* _EXERCISE INSTRUCTIONS_:
The listing below holds a line with "再使用分割的方式,将大图先分" and a later line with "Fourches réglables en". Write out those two lines and every line between them, exactly, and nothing else.

-- DATASET follows --

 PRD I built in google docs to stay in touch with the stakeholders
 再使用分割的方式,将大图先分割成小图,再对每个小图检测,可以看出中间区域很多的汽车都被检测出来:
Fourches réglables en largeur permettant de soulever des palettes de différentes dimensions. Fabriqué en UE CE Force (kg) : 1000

-- DATASET concluded --
-- DATASET follows --

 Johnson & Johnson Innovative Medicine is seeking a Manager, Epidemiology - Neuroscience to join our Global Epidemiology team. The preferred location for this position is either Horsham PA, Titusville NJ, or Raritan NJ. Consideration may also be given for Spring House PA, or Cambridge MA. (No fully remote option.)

-- DATASET concluded --

* _YOUR RESPONSE_:
 再使用分割的方式,将大图先分割成小图,再对每个小图检测,可以看出中间区域很多的汽车都被检测出来:
Fourches réglables en largeur permettant de soulever des palettes de différentes dimensions. Fabriqué en UE CE Force (kg) : 1000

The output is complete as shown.